Warum eigentlich nicht? Es gibt sehr viel Potenzial in Afrika. Wir haben eine enorme Transformation erlebt, insbesondere im Bereich der Mentalität. Außerdem gibt es mittlerweile in Europa sehr viele afrikanische Spieler. Algerien verfügt über einen exzellenten Kader. Das Gleiche gilt für Marokko. Und auch Ägypten sollten wir nicht vergessen. Jetzt muss nur noch die Auffassung überwunden werden, dass afrikanische Team nicht über das Viertelfinale hinauskommen können, das Ghana kürzlich erreicht hat.
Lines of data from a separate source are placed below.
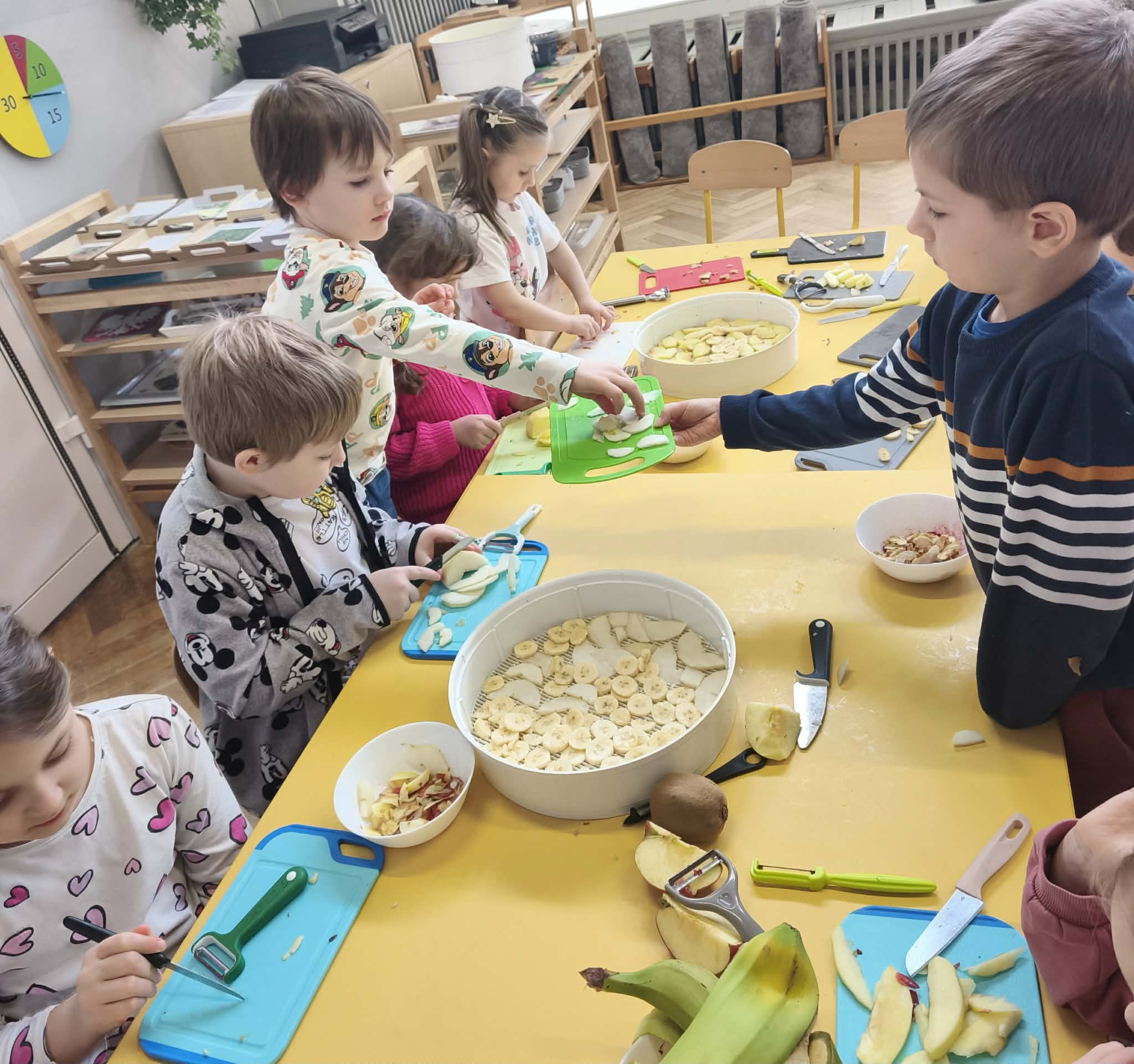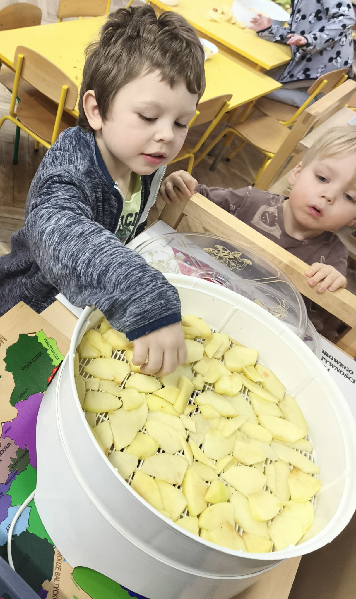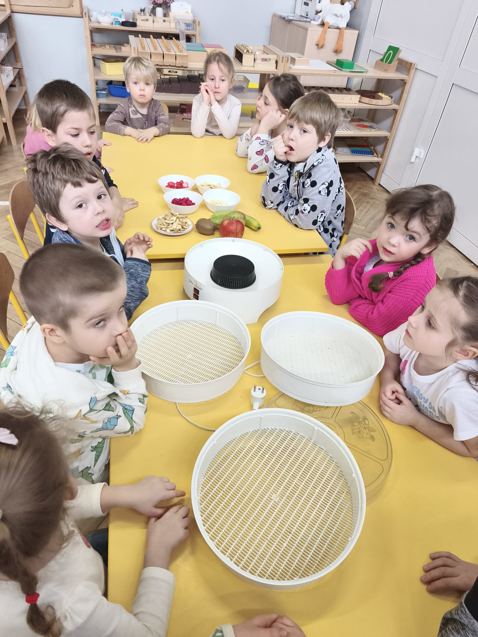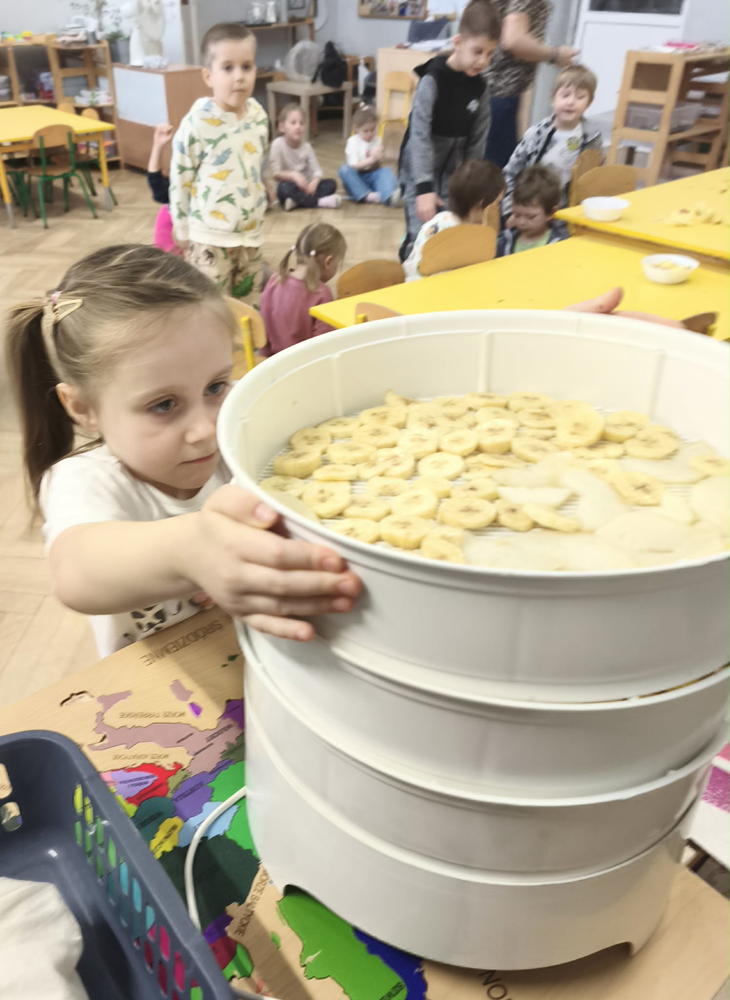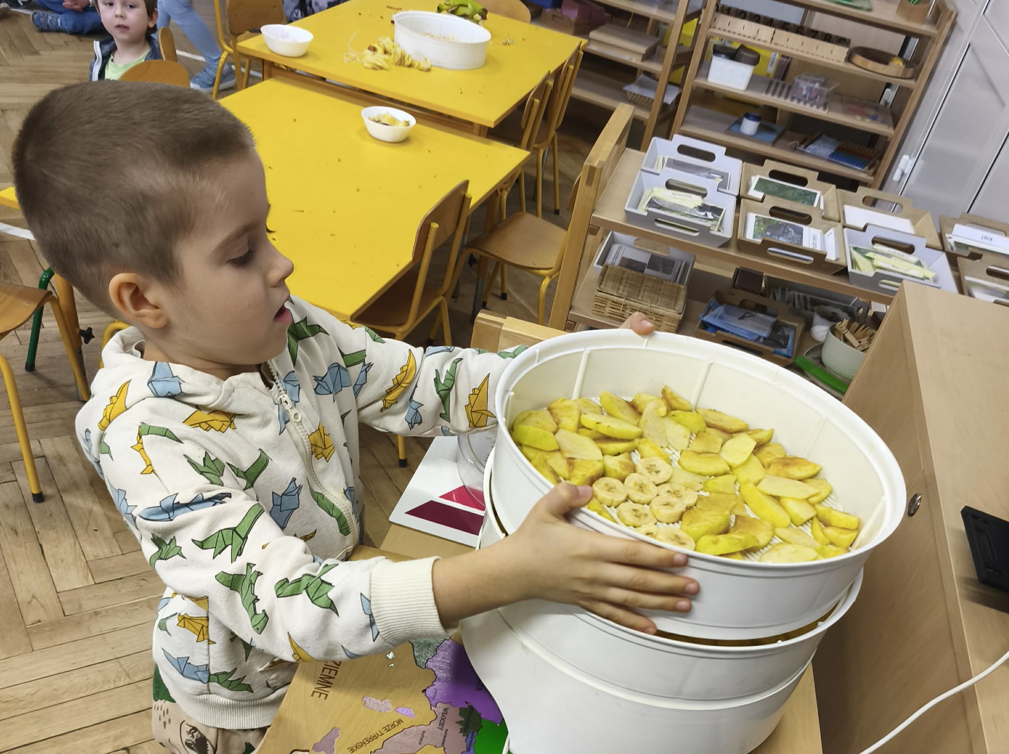 Suszenie owoców w przedszkolu to świetna, edukacyjna zabawa kulinarna ucząca zdrowych nawyków (zdrowe przekąski) i cierpliwości. W naszym działaniu sprawdziła się elektryczna suszarka do żywności. Dzieci poznały zasady jej działania i po obraniu owoców i przygotowaniu ich, układały je na poszczególnych piętrach suszarki. Nie obyło się również bez degustacji (w oczekiwaniu na nasze przekąski) suszonych, truskawek, mali, ananasa i jabłek. Nowe smaki - nowe doświadczenia. Kilka jabłek zostało nawleczone na sznurek do wysuszenia, metodą tradycyjną. Po obserwacji naszych owoców jak się zmieniają, w kolejnym dniu odbyła się degustacja.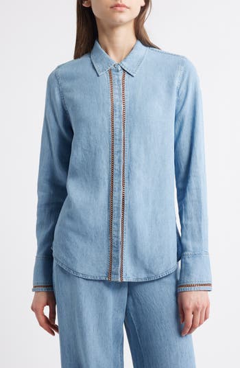 KOBI HALPERIN Chain Trim Denim Button-Up Shirt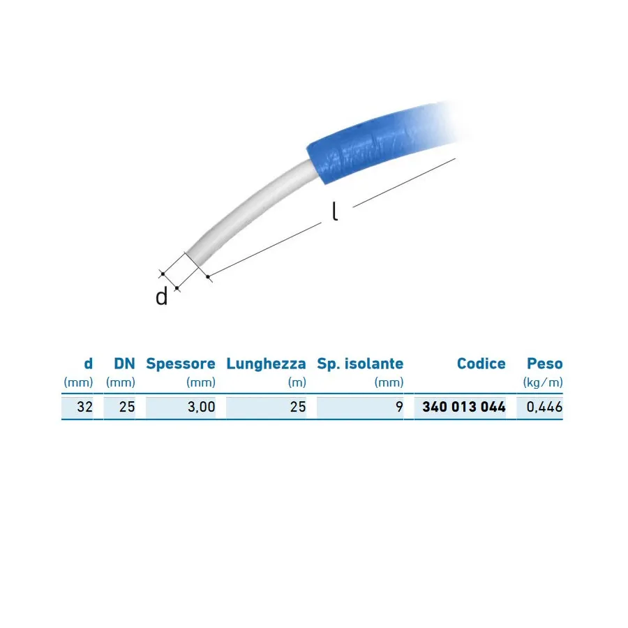 Tubo SANIPOL isolato - azzurro - ø32 - rotolo 25 metri (prezzo al metro - minimo acquistabile 25 metri) 1147384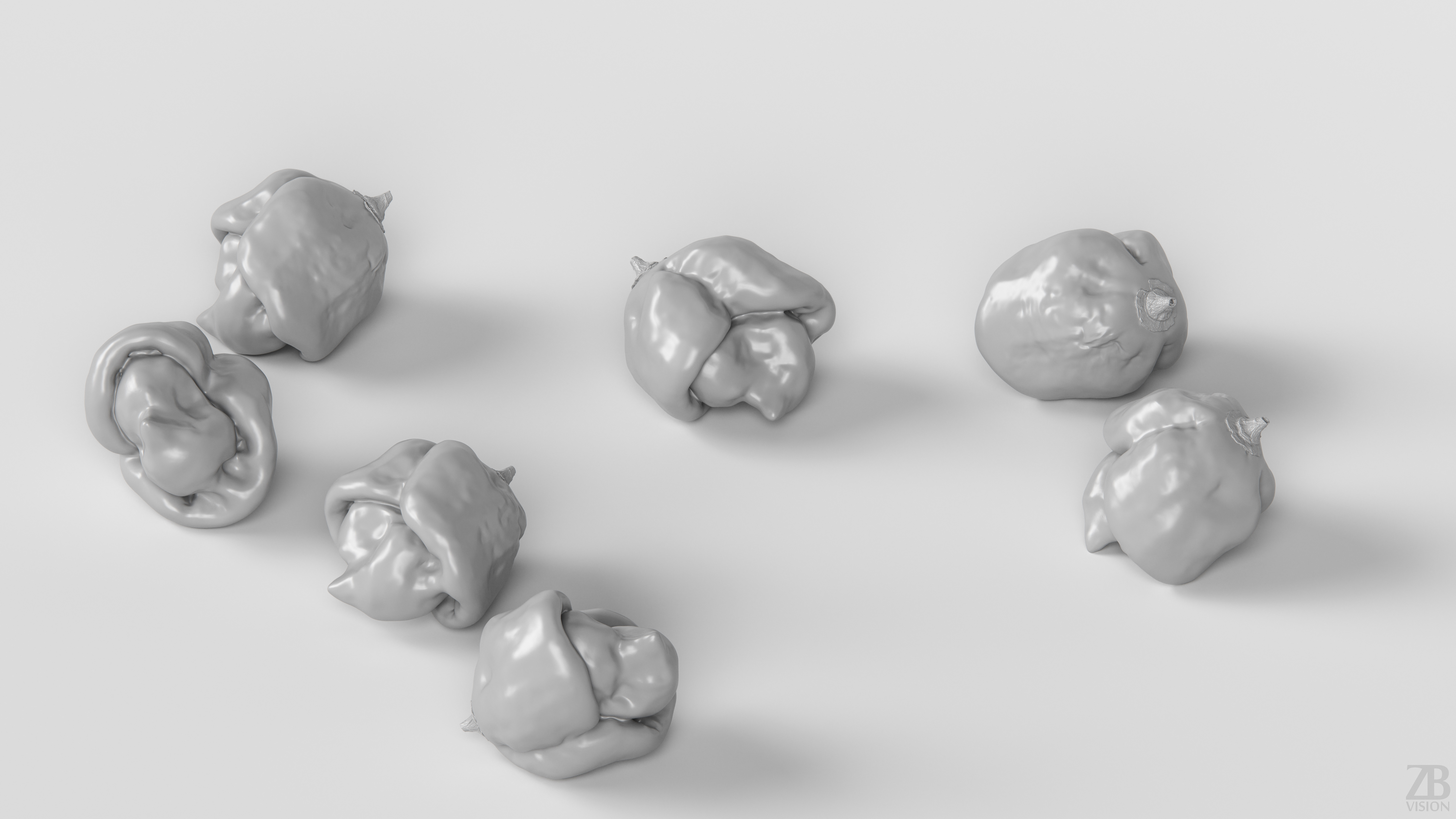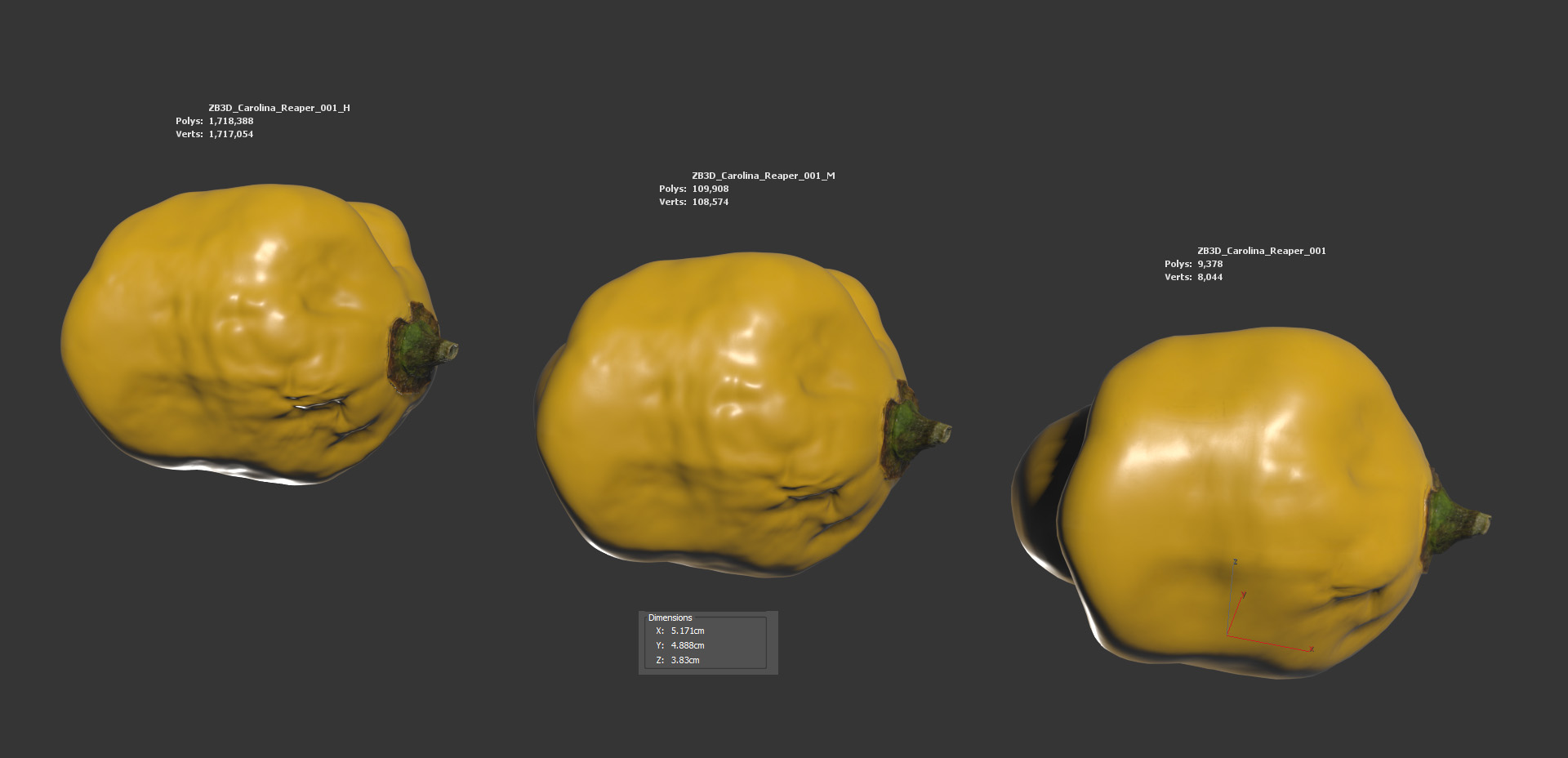 The spicy pepper model is presented as single mesh in 3 subdivision levels: low, mid and high. Meshes are quad based. The polycounts are: 9K, 109K and 1718K . High detail model included in .max, .fbx and .obj formats.

Es gibt viele gute Teams wie die Elfenbeinküste, die früher sehr stark waren und sich jetzt in einem Umbauprozess befinden.

Wie bereiten Sie Ihr Team in diesen schweren Zeiten angesichts der Covid-19-Pandemie vor?

Statt nur 30 Spieler holen wir jetzt 40 bis 45 Spieler in ein Trainingslager. Die FIFA hat kürzlich Regeln verabschiedet, die größere Kader zulassen. Das hilft den Trainern sehr, denn so haben sie in diesen schwierigen Zeiten deutlich mehr Flexibilität.